PROBLEM - Look through the data below for the line with "Силуэт облачен в" and the line with "magica de spell, female, anthro, duck, beak, black", then transcribe exactly from the first through the second, leaving out all pictures.

INPUT RECORDS -
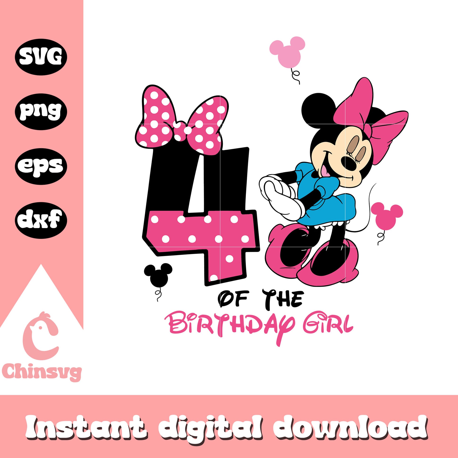 Minnie 4th of the birthday girl svg is a product of our Disney collection. Perfect for Disney fans of all ages, this collection captures the charm and nostalgia of your favorite characters and magical worlds. Featuring a range of beloved characters, castles, magical icons, and whimsical designs, these files are ideal for creating everything from custom apparel to party decorations and personalized gifts.
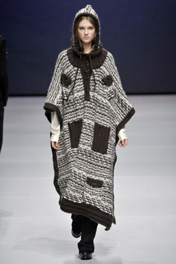 Силуэт облачен в парящие шифоновые сорочки и вязаные «коконы». Укрупненные прямоугольные формы накидок и блуз и удлиненные плащи привносят мужской акцент, в то время как абстрактные принты, напоминающие оперение птиц, выделяются на фоне естественной палитры из тонов темно-зеленого, горького шоколада, сизого и арктического синего.
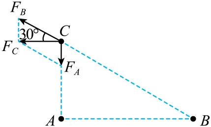【详解】要使C处的正点电荷所受静电力方向平行于AB向左,该正点电荷所受力的情况应如图所示,所以A带负电,B带正电。设A、C间的距离为L,则B、C间的距离为2L。
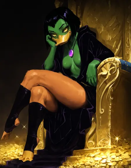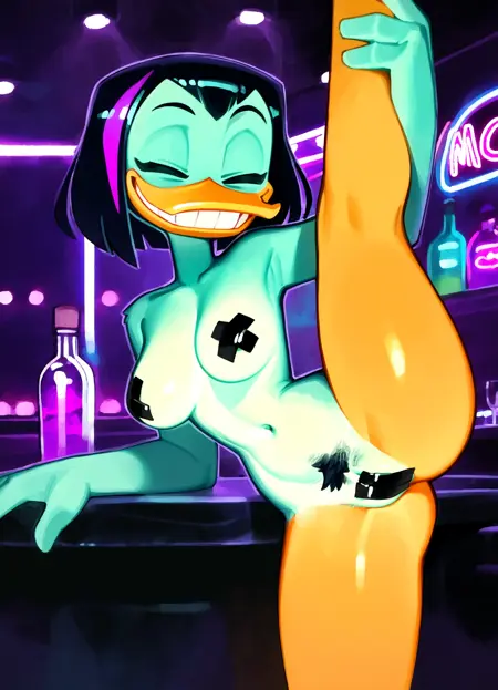 magica de spell, female, anthro, duck, beak, black hair, short hair, purple highlights, widow's peak, short tail, yellow eyes, bags under eyes, orange legs, webbed feet,
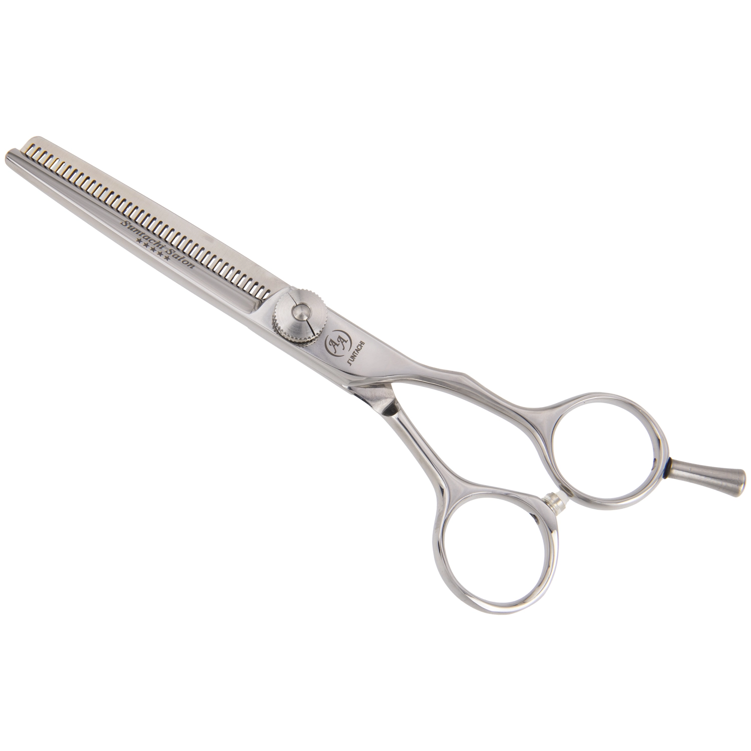 Виды срезов и техника: Особо острая кромка лезвия в комбинации с 40-ка зубцами классической прямой формы с просечкой позволяют выполнять: тушевку, работу с глубокими слоями, снятие объёма, работу с массой, создание формы. Подходят для мужских и женских стрижек как мастерам с опытом, так и начинающим.

ANSWER BOX -
 Силуэт облачен в парящие шифоновые сорочки и вязаные «коконы». Укрупненные прямоугольные формы накидок и блуз и удлиненные плащи привносят мужской акцент, в то время как абстрактные принты, напоминающие оперение птиц, выделяются на фоне естественной палитры из тонов темно-зеленого, горького шоколада, сизого и арктического синего.
【详解】要使C处的正点电荷所受静电力方向平行于AB向左,该正点电荷所受力的情况应如图所示,所以A带负电,B带正电。设A、C间的距离为L,则B、C间的距离为2L。
 magica de spell, female, anthro, duck, beak, black hair, short hair, purple highlights, widow's peak, short tail, yellow eyes, bags under eyes, orange legs, webbed feet,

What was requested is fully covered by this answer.